Infinite Loop Event Sourcing

Greg Young talks about using an identity map to help avoid hitting the persistence engine and making it the bottleneck for the entire system. In a fully distributed scenario, the event pipeline coming out of the repository would publish any events committed to an aggregate to all interested parties. These interested parties would include a persistence engine subscriber, other bounded contexts, and other instances of the same bounded context. Other instances of the same bounded context would use an identity map and listen to messages for aggregates that already held in memory--other messages would be ignored.

When using an identity map there are several things to keep in mind:

  1. The identity map sits between the repository and the persistence engine.
  2. The identity map must only hand out transactionally consistent aggregate roots.
  3. Applying events within the identity map must not cause events to be published.

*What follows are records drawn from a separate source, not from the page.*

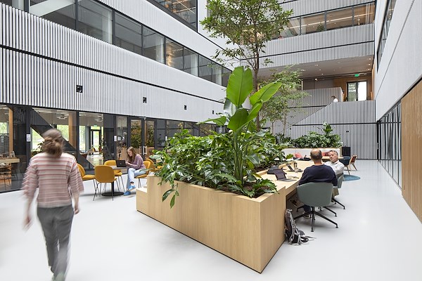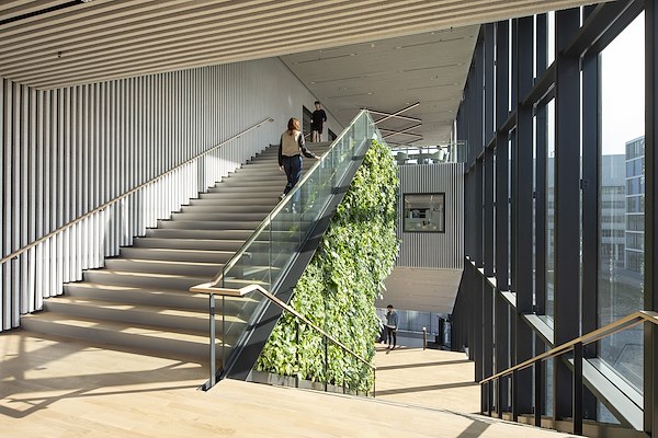 Alle trappen zijn voorzien van weelderige groene plantwanden, die ook zichtbaar zijn van buitenaf. Vilten afwerkingen van de muren verbeteren de akoestiek en zorgen voor een rustige en intieme sfeer. Per verdieping zijn er koffiebarretjes. Naast een restaurant en café in het atrium, heeft het gebouw een auditorium met honderd zitplaatsen en op de bovenste verdieping ‘Club Matrix’, een bar met uitzicht over het Science Park.
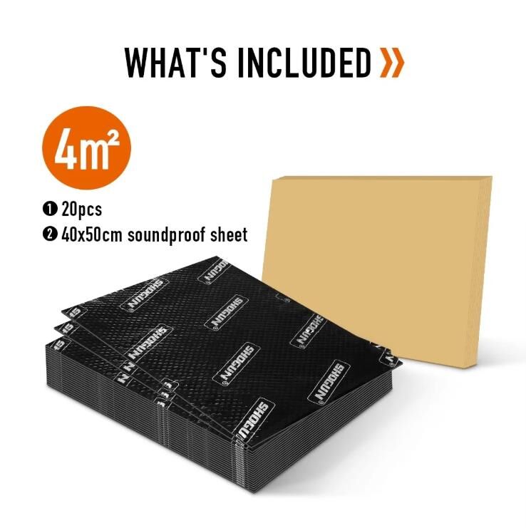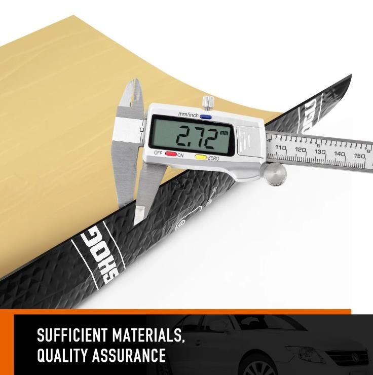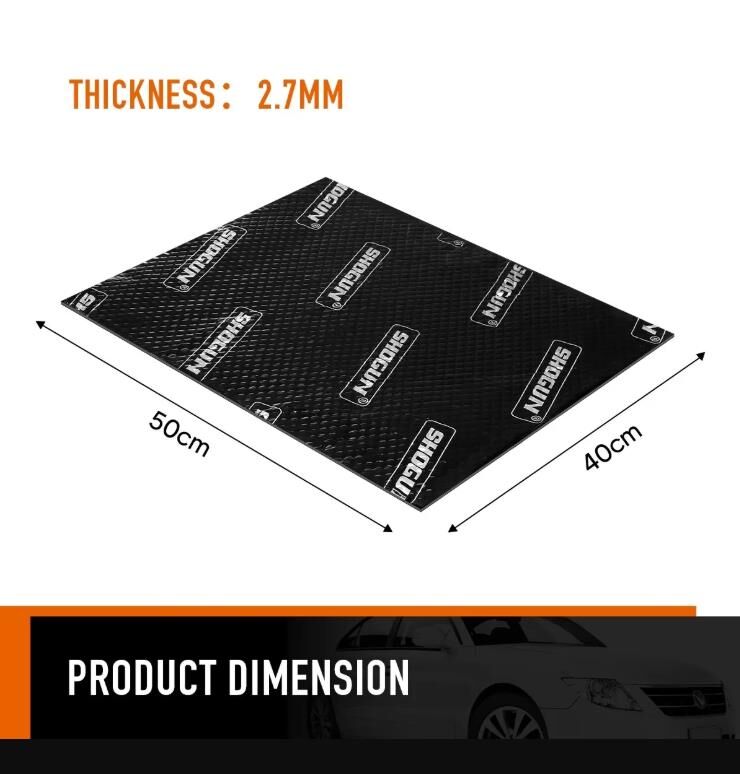 The butyl rubber sound deadener for your car is the best way to block the unwanted noise from the outside and lessen the metal panel vibrations. The sound deadening mat made from high-purity butyl rubber material is resistant to water, fire, cold and has strong adhesion for years to come. The top aluminium layer is for enhanced strength and protection. It is great for adding to the hood, ceiling, firewall, doors, wheel well, floor pans from front to back and tailgate of your vehicle. This kind of sound treatment can not only be used in automobiles but also trucks, SUV, RVs and more. Get more benefits from installing the sound deadener which can better the audio system performance.
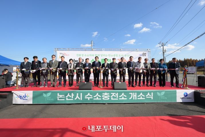시는 21일 부적면에서 백성현 논산시장을 비롯한 논산시와 충청남도 및 유관기관 관계자, 지역 주민 등 250명이 참석한 가운데 수소충전소 개소식을 열고 친환경 에너지 전환의 시작을 알렸다.
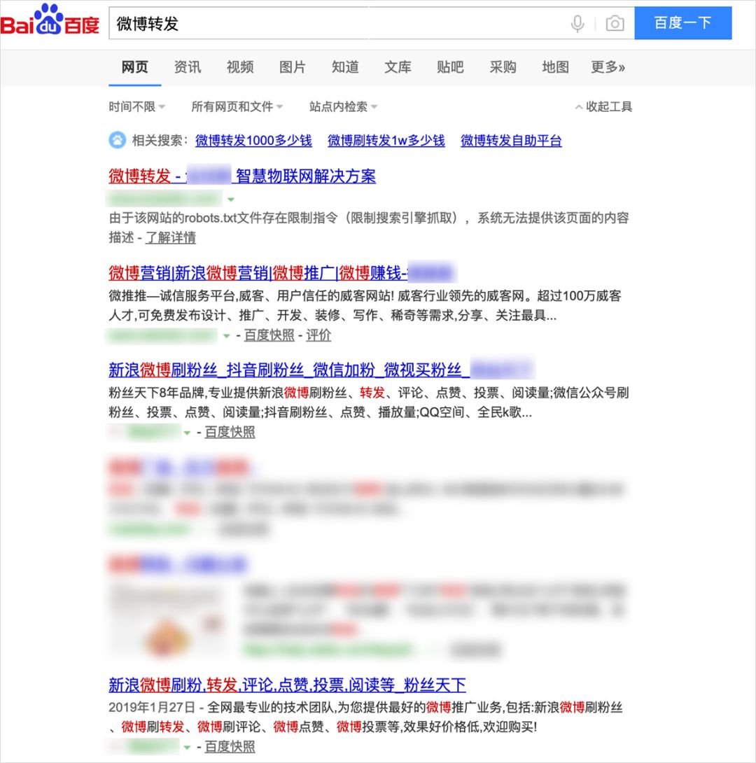 百度随手一搜“微博转发”,就会出现一堆刷量的平台。
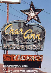 Here's and old faded out marquee that looks like it took many hits from the Nevada desert sun. The star no longer shines at the Char Ann Motor Lodge. 02-07
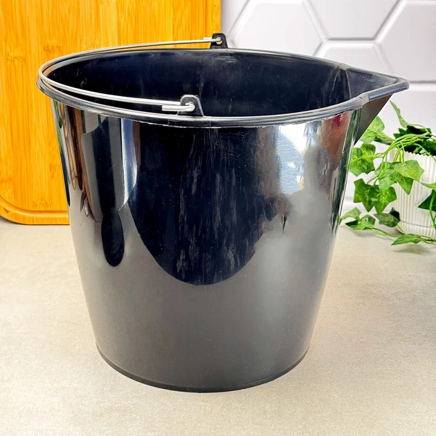 Відро будівельне 13 л Plastiken чорне з носиком і металевою ручкою

Do I Need To Sit Between You Two?

The identity map sits "between" the repository and the persistence engine so that it can service requests for a particular aggregate root. If it's able to service the request, because it has one in memory, it hands the in-memory instance back. If not, the repository goes to the persistence engine and load the values and stores the reconstituted aggregate root the identity map.

This step alone takes a huge burden off of the persistence engine.

Transactionally Consistent

Normally an identity map is unique to a unit of work such that each unit of work would have its own identity map holding non-shared reference to an aggregate. While this statement is true, it's not entirely complete when dealing with distributed-messaging scenarios.

Specifically, one of the things that the message-based identity map does is listen as a subscriber to all events published by other processes or instances of the same bounded context. If an event comes in and the aggregate to which the event pertains is in memory, it processes the event against the aggregate. If the aggregate is not in memory, it simply drops the message.

We have to be very careful to ensure that when a series of events comes in as part of a single transaction, that we apply all events before handing back a reference to the aggregate. If we don't, we risk passing back the aggregate in an inconsistent--or even invalid--state.

Furthermore, we have to be careful not to apply messages to the aggregate root reference that is currently being processed as part of the unit of work. It would seem as though this message-based identity map is two layers deep. There would be a session-level identity map which holds session-level references and a process-level identity map which subscribes to messages from other instances of the same bounded context and applies them when they arrive.

For optimistic concurrency, it would appear that when a unit of work was complete, the aggregate version at the start of the unit of work would be compared with the aggregate version in the process-level identity map. If the two were the same, the unit of work would commit, otherwise, the transaction would rollback and the unit of work would be re-attempted.

Lastly, it would also appear that the process-level identity map doesn't hand out the same reference to specific aggregate root twice. Instead it would appear that it hands out copies. The main reason for this is so that multiple units of work could potentially be executing against the same aggregate root simultaneously, with optimistic concurrency protecting each instance from the other. The other reason is so that, if a unit of work failed, we wouldn't have to figure out how to rollback the aggregate. Instead we could just toss out the reference and get a new one.

Infinite Loop

Lastly, when applying events received to the aggregate from other instances of the same bounded context, we want to ensure that we ignore the events that come out the other side. This means that, by definition, when I send an aggregate a "UserNameChanged" event, the aggregate produces a "UserNameChanged" event as a result in a 1-1 consume/produce fashion.

We don't want to publish these events, otherwise, we might inadvertently create an infinite loop between all the other instances of the same bounded context.